The communication of this announcement and the Tender Offer Memorandum by RCB and any other documents or materials relating to the tender offer is not being made, and such documents and/or materials have not been approved, by an authorised person for the purposes of section 21 of the Financial Services and Markets Act 2000 (the “FSMA”). Accordingly, such documents and/or materials are not being distributed to, and must not be passed on to, the general public in the United Kingdom. The communication of such documents and/or materials is exempt from the restriction on financial promotions under section 21 of the FSMA on the basis that it is only directed at and may be communicated to (1) persons who have professional experience in matters relating to investments, being investment professionals as defined in Article 19 of the Financial Services and Markets Act 2000 (Financial Promotion) Order 2005 (the “FPO”); (2) persons who fall within Article 43 of the FPO (“Members and creditors of certain bodies corporate”); (3) persons who fall within Article 49 of the FPO (“high net worth companies, unincorporated associations etc.”); or (4) any other persons to whom these documents and/or materials may lawfully be communicated. This announcement is being made by RCB. Any investment or investment activity to which the Tender Offer Memorandum relates is available only to such persons or will be engaged only with such persons and other persons should not rely on it.

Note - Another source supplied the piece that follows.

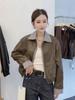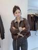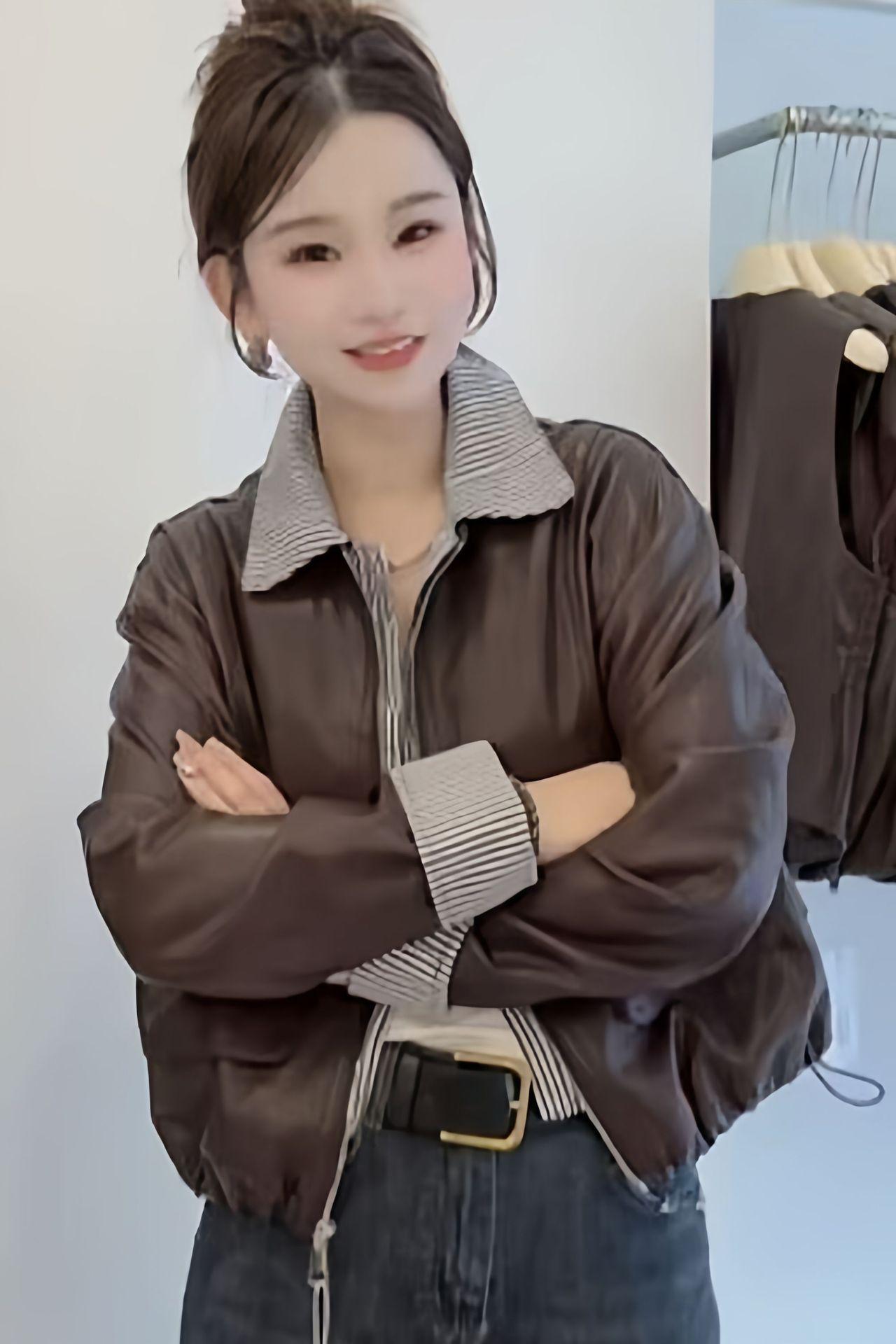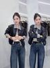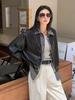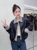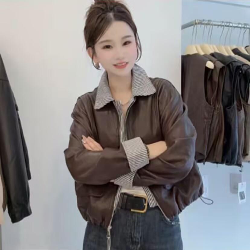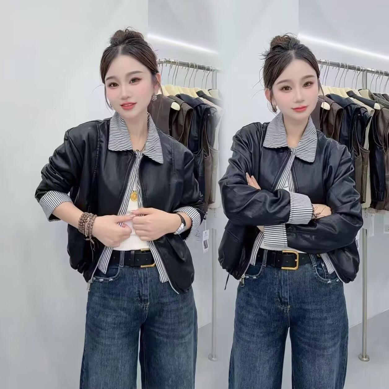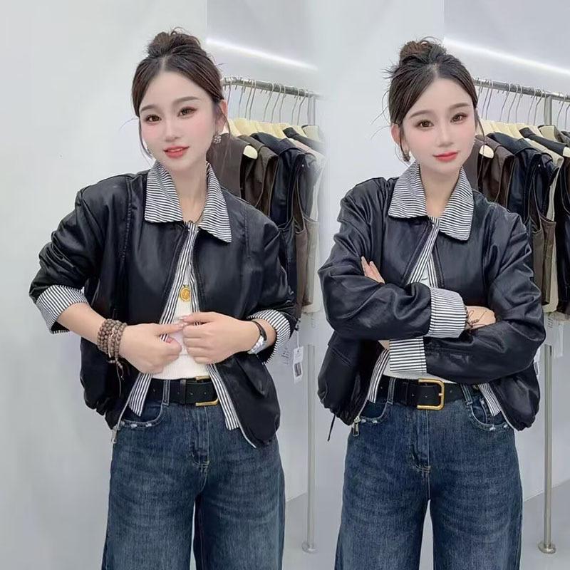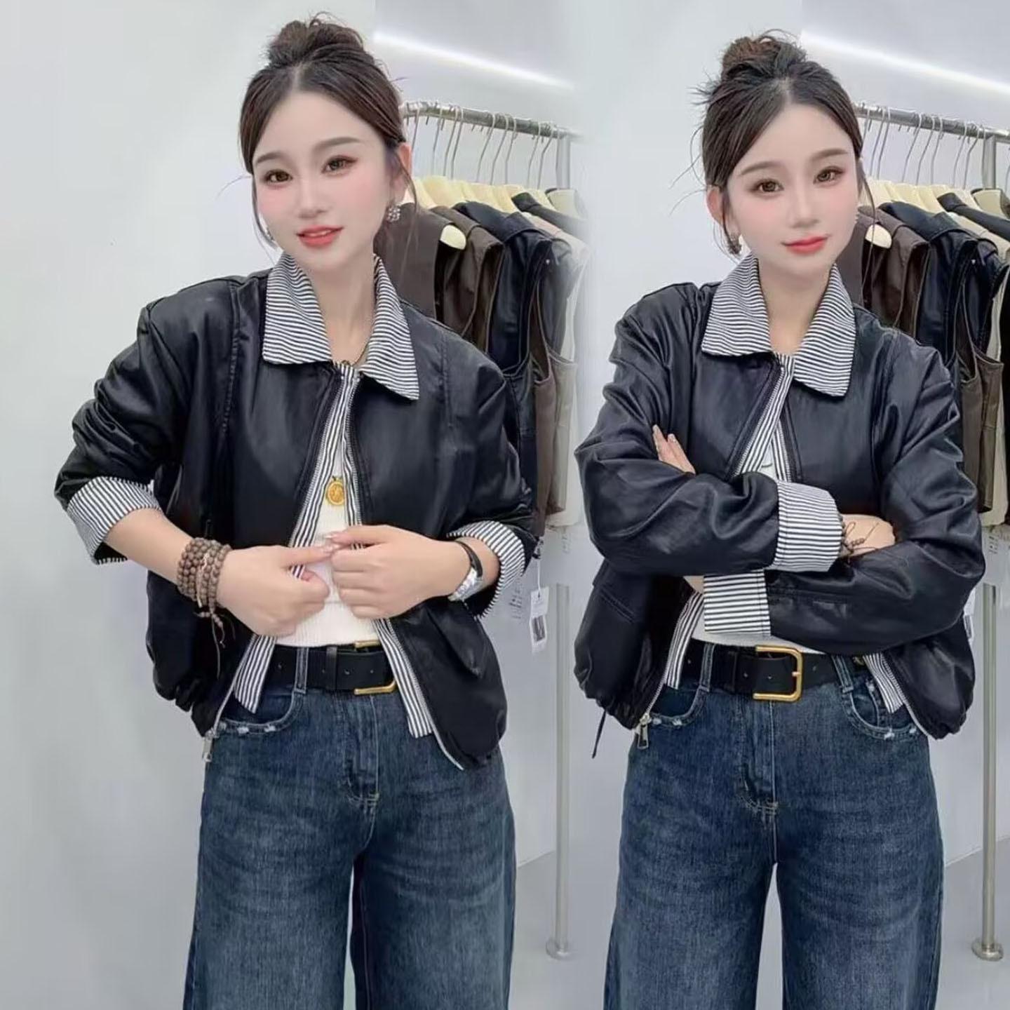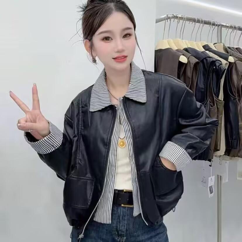 Chaqueta de Cuero PU Nueva Otoño 2025 para Mujer Europea de Alta Gama Empalmada Falso Dos Piezas Petite Biker Top Corto

The tender offer is not being made, directly or indirectly, to the public in the Republic of France. This announcement, the Tender Offer Memorandum and any other offering material relating to the tender offer may not be distributed in the Republic of France except to qualified investors as defined in Article 2(e) of Regulation (EU) 2017/1129 (the Prospectus Regulation). The Tender Offer Memorandum has not been submitted for clearance to the Autorité des Marchés Financiers.
Neither this announcement nor the Tender Offer Memorandum constitutes an offer to buy or the solicitation of an offer to sell Old Bonds (and tenders of Old Bonds in the tender offer will not be accepted from holders of Old Bonds) in any circumstances in which such offer or solicitation is unlawful. In those jurisdictions where the securities, blue sky or other laws require the tender offer to be made by a licensed broker or dealer and Allia C&C or its affiliates are such a licensed broker or dealer in any such jurisdiction, the tender offer shall be deemed to be made by Allia C&C or such affiliate, as the case may be, on behalf of CAF in such jurisdiction.